Мой неизвестный собеседник распалился не на шутку и потрясал номером “Газеты”. Я подливал горючего в его праведное негодование и вместе с ним безжалостно судил проступок неведомого мне Граббе.
В эти минуты у входа образовалось скопление людей — как будто две волны встретились и столкнулись, рассыпая сотни брызг.
— О — па, — обрадованно воскликнул толстяк. — Минутку. — Он протиснулся к этому скоплению.
Я посмотрел туда, куда он указал, и увидел человека лет сорока в грубом сером свитере, висевшем на острых плечах, как поникший парус. На локтях свитера были нашиты кожаные кружки. Цвет лица у него был нездоровый, и глаза окружали темные овалы.

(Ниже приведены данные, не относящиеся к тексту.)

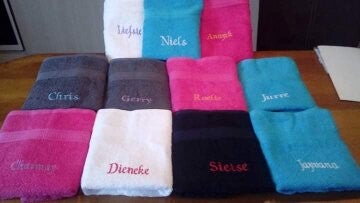 Deze handdoeken worden speciaal geborduurd voor u, door ons.
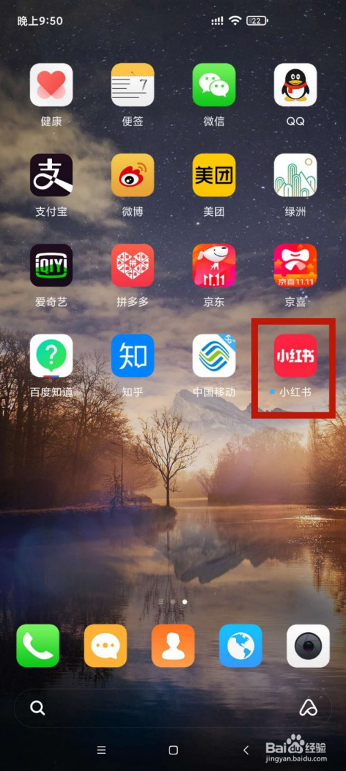 叫醒手机系统后,点击进入小红书App。
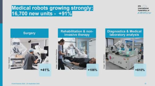 医疗机器人是2024年增长最快的板块,新安装量达1.67万台,同比飙升91%。其中手术机器人增长41%,技术持续成熟;康复与非侵入性治疗机器人增长106%,市场需求巨大;诊断与医学实验室分析机器人实现了惊人的610%增长,成为最大亮点
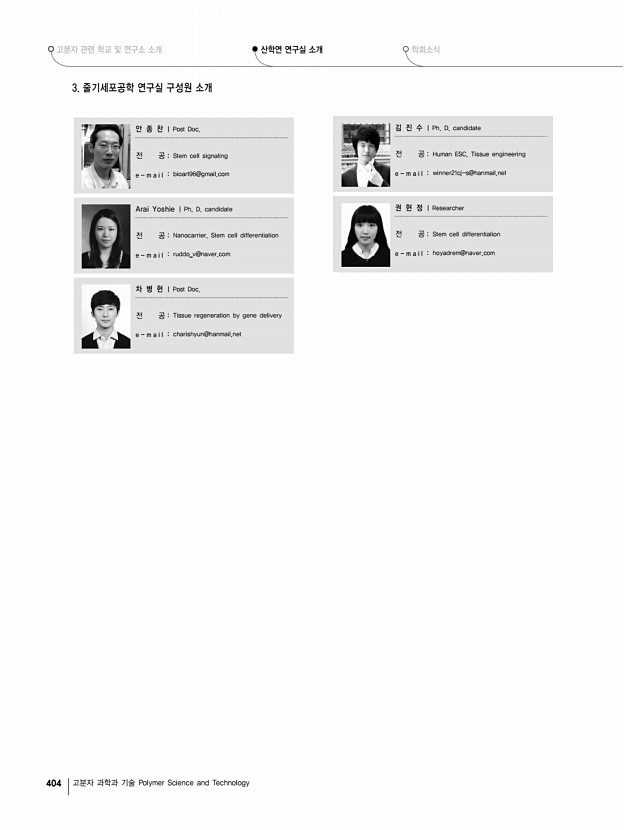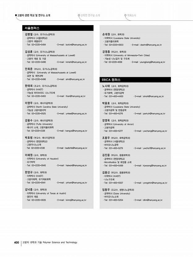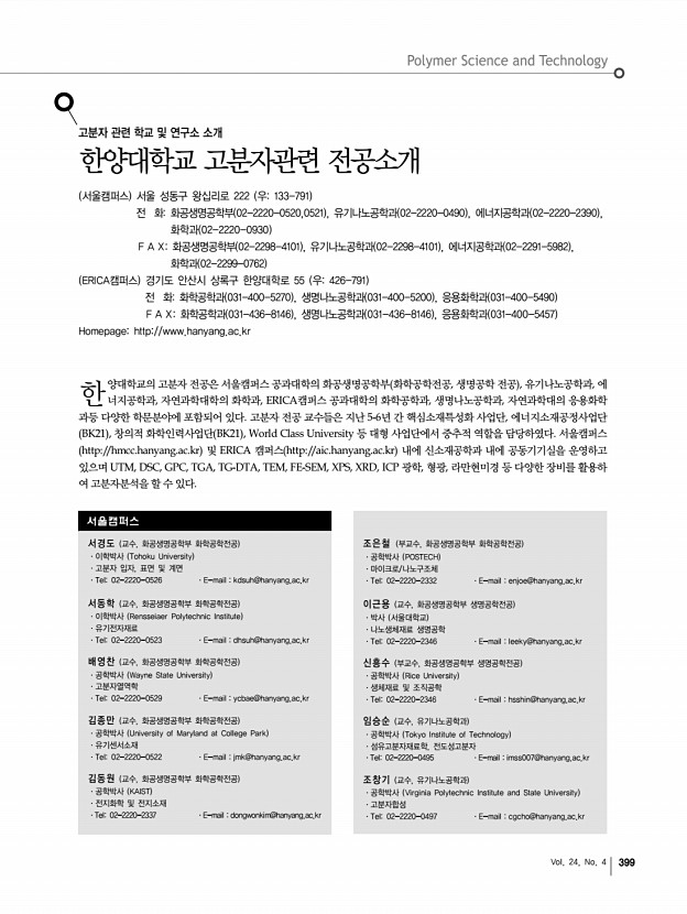 ...0762 ERICA캠퍼스 경기도 안산시 상록구 한양대학로 55 우426-791 전 화화학공학과 031-400-5270 , 생명나노공학과 031-400-5200 , 응용화학과 031-400-5490 F A X화학공학과 031-436-8146 , 생명나노공학과 031-436-8146 , 응용화학과 031-400-5457 Homepagehttp//www.hanyang.ac.kr 양대학교의 고분자 전공은 서울캠퍼스 공과대학의 화공생명공학부 화학공학전공, 생명공학 전공 , 유기나노공학과, 에 너지공학과, 자연과학대학의 화학과, ERICA캠퍼스 공과대학의 화학공학과, 생명나노공학과, 자연과학대의 응용화학 과등 다양한 학문분야에 포함되어 있다. 고분자 전공 교수들은 지난 5-6년 간 핵심소재특성화 사업단, 에너지소재공정사업단 BK21 , 창의적 화학인력사업단 BK21 , World Class University 등 대형 사업단에서 중추적 역할을 담당하였다. 서울캠퍼스 http//hmcc.hanyang.ac.kr 및 ERICA 캠퍼스 http//aic.h...
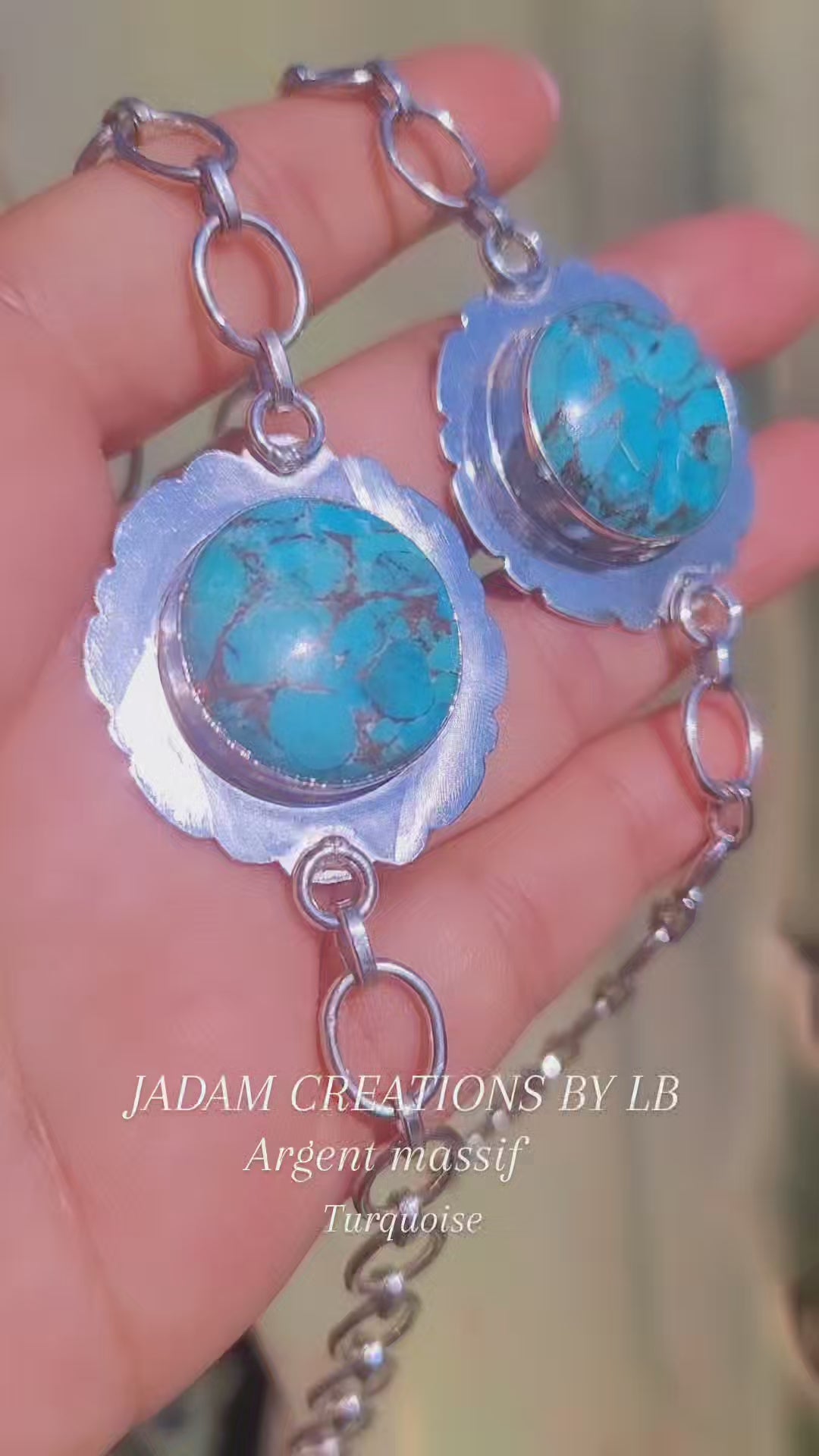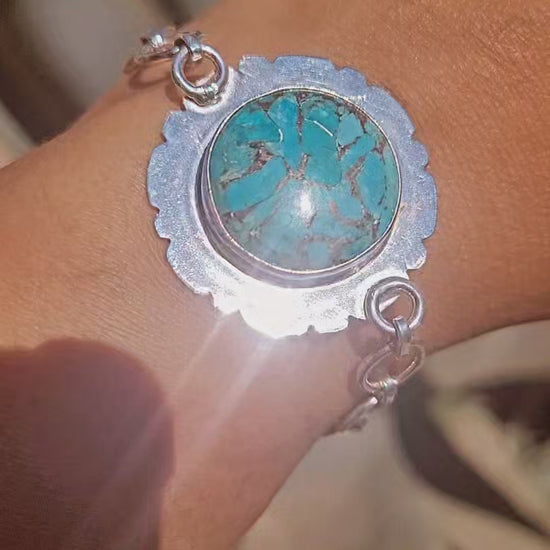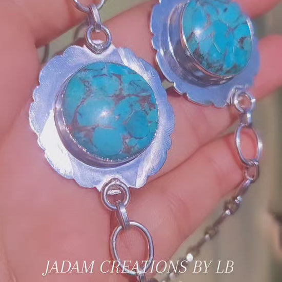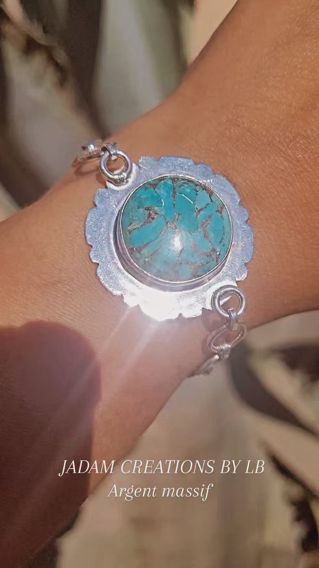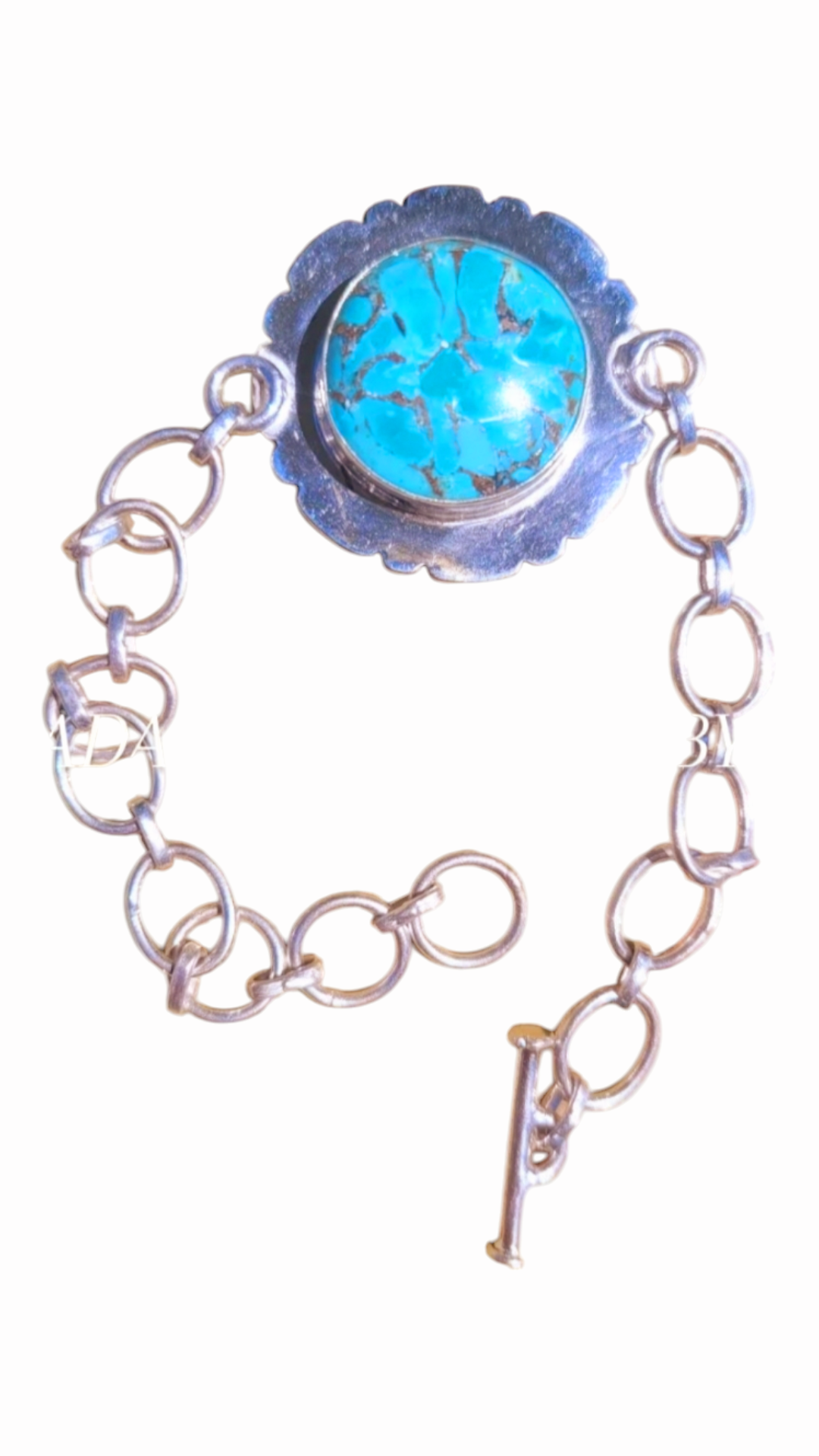 Superbe bracelet en argent massif réglable grâce à ces maillons et fermoir T, grande fleur central turquoise mohave.
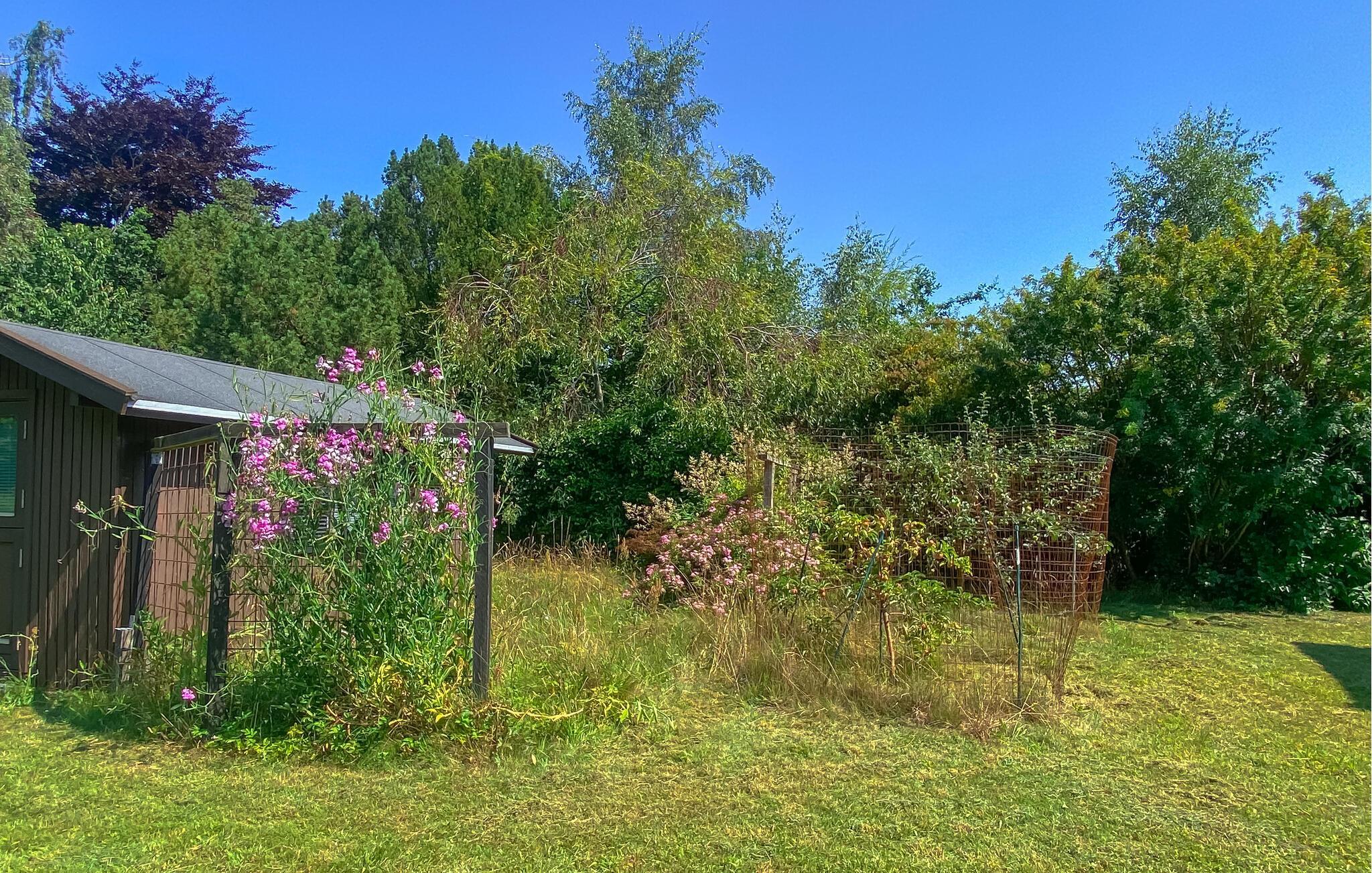 Charmantes Ferienhaus mit großem Garten nahe Liseleje Strand bietet Erholung und Spielmöglichkeiten in der Natur.
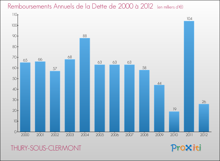 A Thury-sous-Clermont, ce montant de la dette est en augmentation de 53.43 % par rapport à 2011.
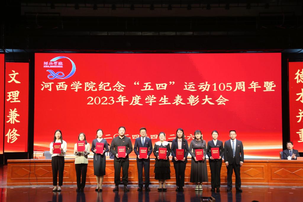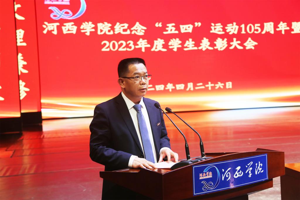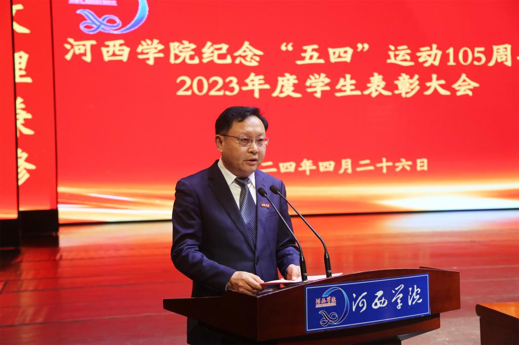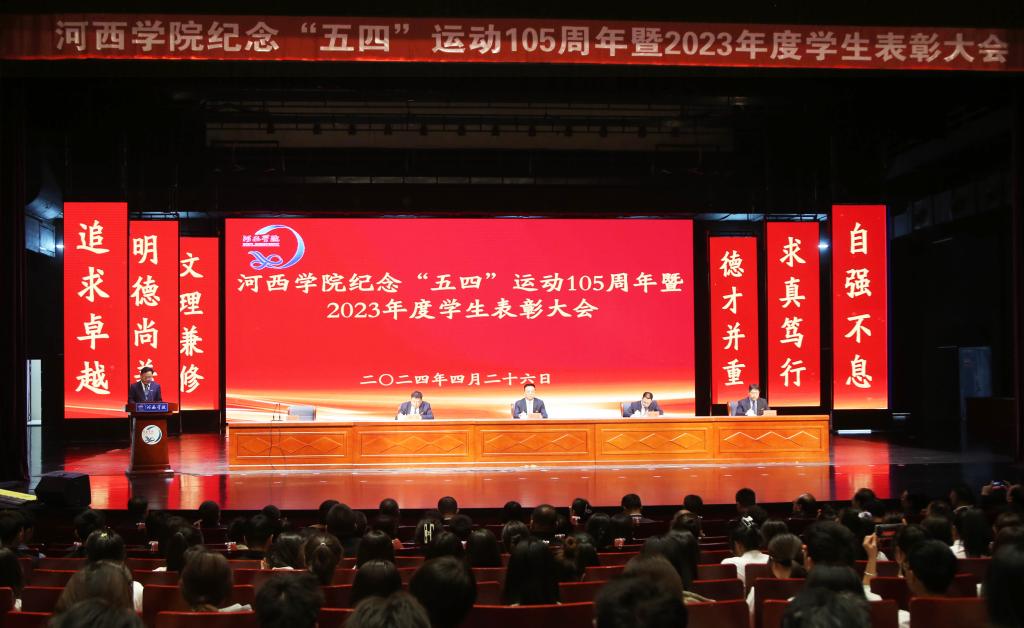 4月26日,河西学院纪念五四运动105周年暨2023年度学生表彰大会在河西讲堂报告厅召开。党委书记梁兆光,党委副书记、校长周勇,党委常委、副校长赵柱、王新华,学工委成员单位负责人,二级学院分管学生工作领导、团委书记、副书记、获奖学生代表和团员青年代表800余人参加会议。大会由党委常委、副校长唐志强主持。
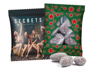 Les Amandes de Noël sont fabriquées en Europe, plus particulièrement en Allemagne. Délicieuses amandes de Noël dans un sachet personnalisable ou standard (blanc ou transparent).
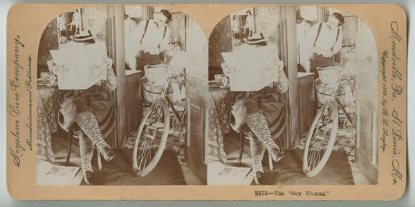 Genre scene satirizing the "new woman" and the role of women in the home. Shows the lady of the house sitting at a table reading a newspaper as her husband stands in the kitchen dryng dishes. With a confused look, he peers at her from the other room. She is dressed in bicycle garb with her bicycle resting in the doorway nearby.
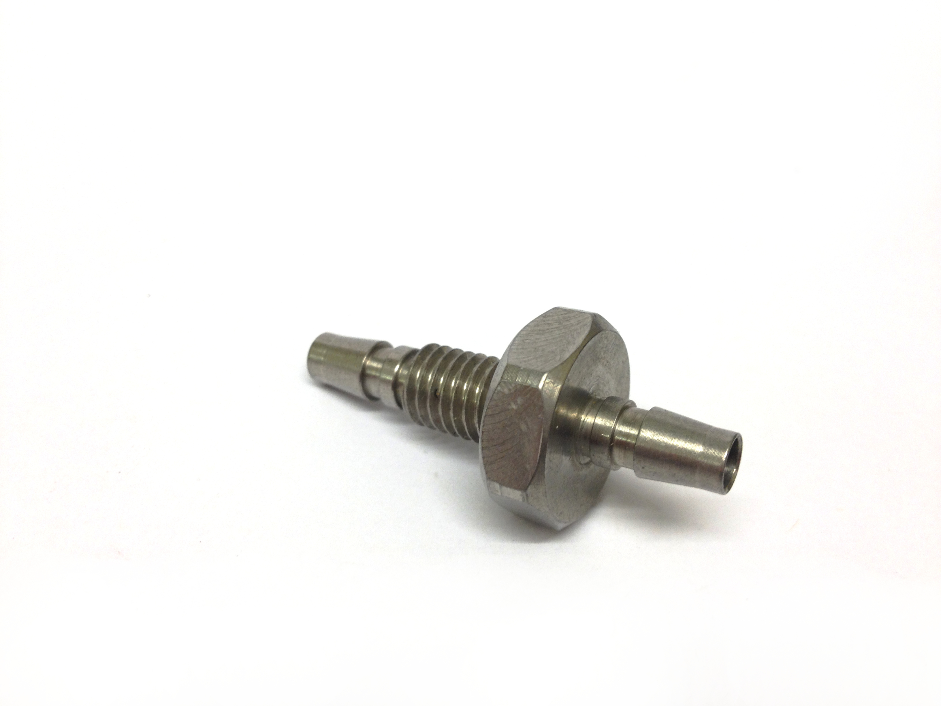 Beta Engineering Services machine several varieties of bulkhead fittings for various customers of ours for use in hydraulics, rail and marine applications. Pictured here is a 316 stainless steel fitting made from 20mm diameter round bar.
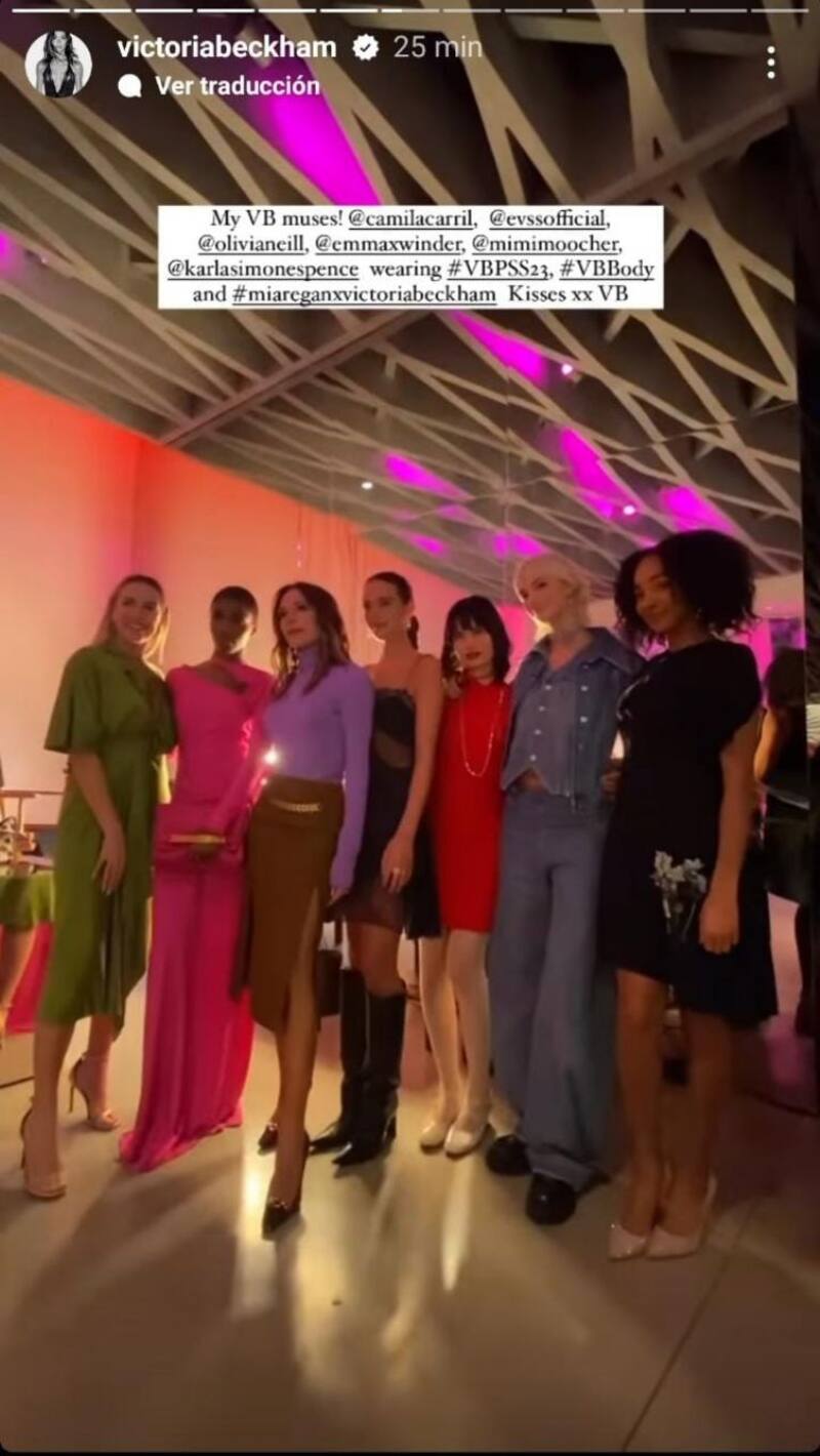 La diseñadora de moda organizó la velada para presentar su nueva colección, y todas sus musas estuvieron presentes, destacando entre ellas a su nuera favorita, Mia Regan. La novia de Romeo Beckham no solo modela las prendas de Posh, ya que la cantante también le ha permitido confeccionar algunos modelos y presentarlos como una colección especial.

Глаза были совершенно неподвижны, их взгляд выражал какую — то отрешенную усталость, — пока он разговаривал с толстяком, они смотрели куда — то в сторону и жили жизнью, самостоятельной от всего остального.
— Кто это? — спросил я, когда толстяк снова оказался возле.
— Это гений. — В его взгляде появилось умиление, которое так хорошо дается полным людям.
В этот момент гений прошел совсем рядом, и я хорошо видел его остановившиеся глаза.
— Придуманное искусство — это уже не искусство, — заметил мой новый знакомый.
Очередная порция рубинового вина смягчила мою нетерпимость. С этой минуты я принялся разглядывать экспозицию несколько более благосклонно, но еще позволял себе рассуждать:
— Как на это посмотреть. Это ведь тоже придумать надо: ветку спилить, скотч купить. Ю — то что об этом говорит? — сказал я, робко поглядывая на гения, безжизненную руку которого вот уже минуту безжалостно трясла и мяла какая — то пожилая женщина с пучком седых волос на затылке и кошельком из джинсовой ткани, который покоился у нее на груди.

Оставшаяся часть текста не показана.